The evolution of the electron number density in the coma of comet 67P at the location of Rosetta from 2015 November through 2016 March
Erik Vigren, Niklas J. T. Edberg, Anders I. Eriksson, Marina Galand,, Pierre Henri, Fredrik L. Johansson, Elias Odelstad, Martin Rubin, Xavier, Vallieres

TL;DR
This study compares a comet ionospheric model with observational data from Rosetta at comet 67P, revealing a transition from overestimation to accurate electron density predictions during the post-perihelion phase.
Contribution
It provides an extended comparison of model predictions with observations over several months, highlighting the model's evolving accuracy during different activity phases.
Findings
Model overestimates electron densities by over a factor of 10 near perihelion.
Model predictions become reasonably accurate by March 2016.
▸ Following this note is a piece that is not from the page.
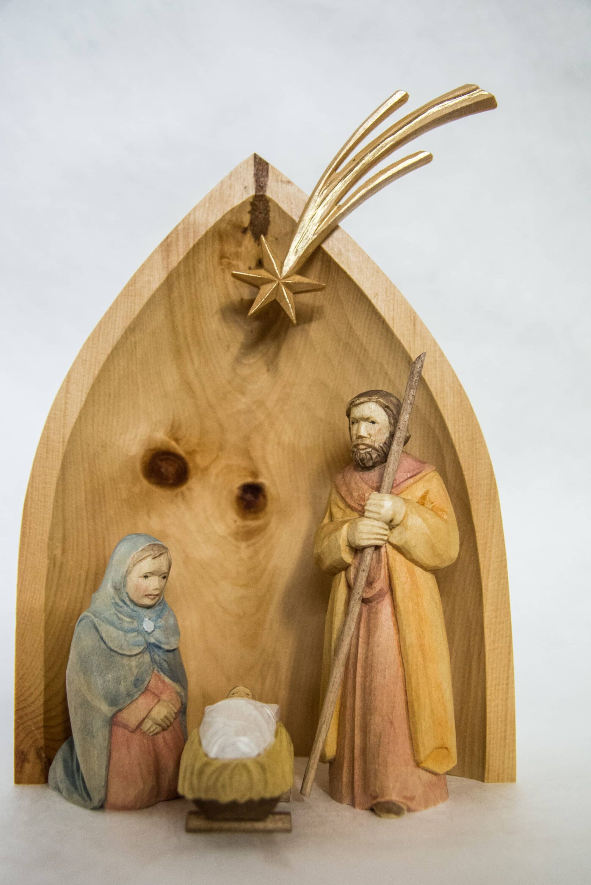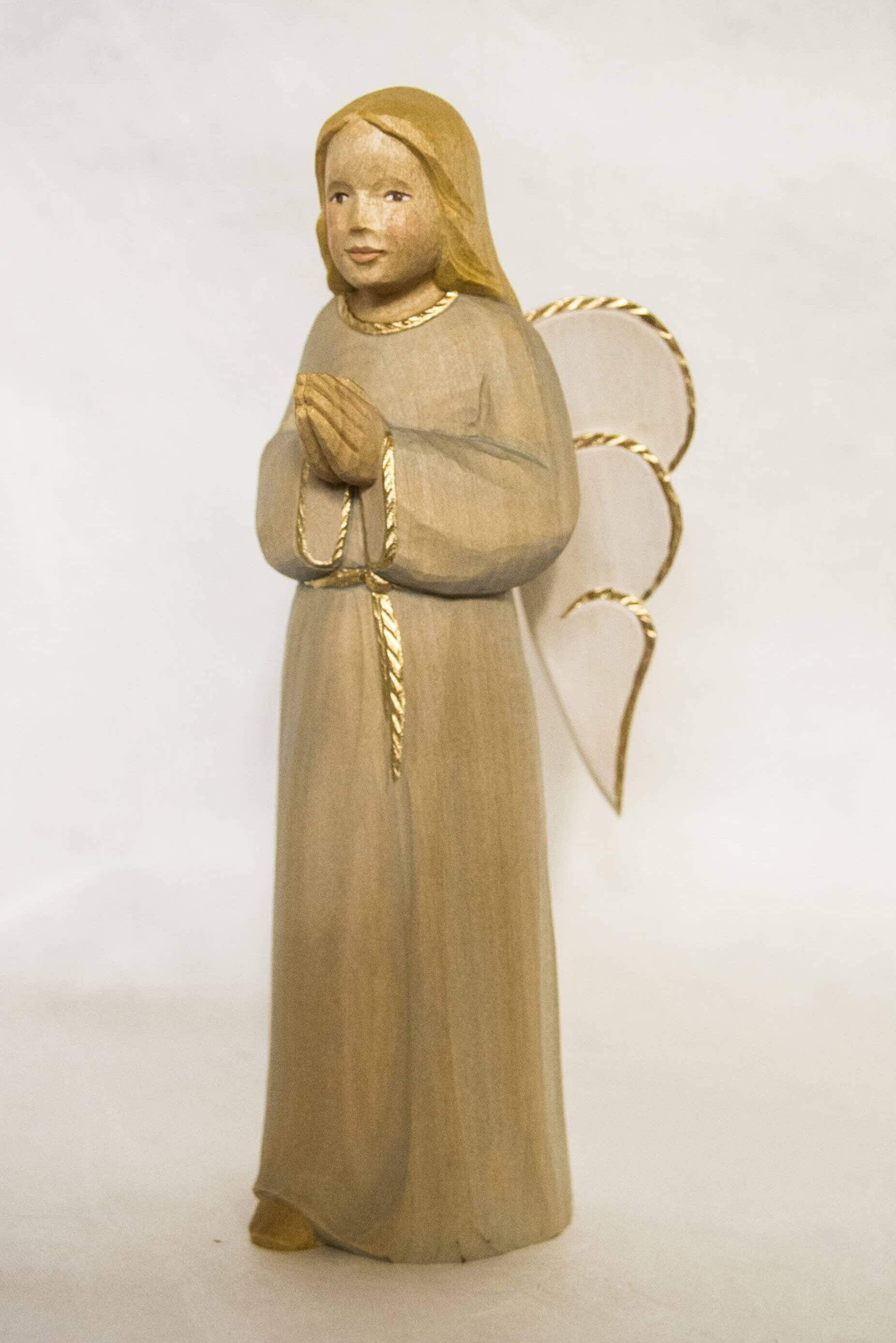 Ruhige, runde Formen und helle pastellige Farben zeichnen diese Arbeiten aus. Spezialisiert hat sich die Holzbildhauerin gewissermaßen auf Krippenfiguren und Engel, erhältlich in verschiedensten Größen von 6 bis 35 cm. Engel haben im Erzgebirge eine lange Tradition als Licht- und Schutzbringer. Sie sind erhältlich mit verschiedenen Instrumenten, mit Kerze, Buch, Stern oder als Schwebeengel zum Aufhängen.

Transition observed from overestimation to agreement in electron density estimates.
Abstract
A comet ionospheric model assuming the plasma to move radially outward with the same bulk speed as the neutral gas and not being subject to severe reduction through dissociative recombination has previously been tested in a series of case studies associated with the Rosetta mission at comet 67P/Churyumov-Gerasimenko. It has been found that at low activity and within several tens of km from the nucleus such models (which originally were developed for such conditions) generally work well in reproducing observed electron number densities, in particular when plasma production through both photoionization and electron-impact ionization is taken into account. Near perihelion, case studies have, on the contrary, showed that applying similar assumptions overestimates the observed electron number densities at the location of Rosetta. Here we compare ROSINA/COPS driven model results with RPC/MIP…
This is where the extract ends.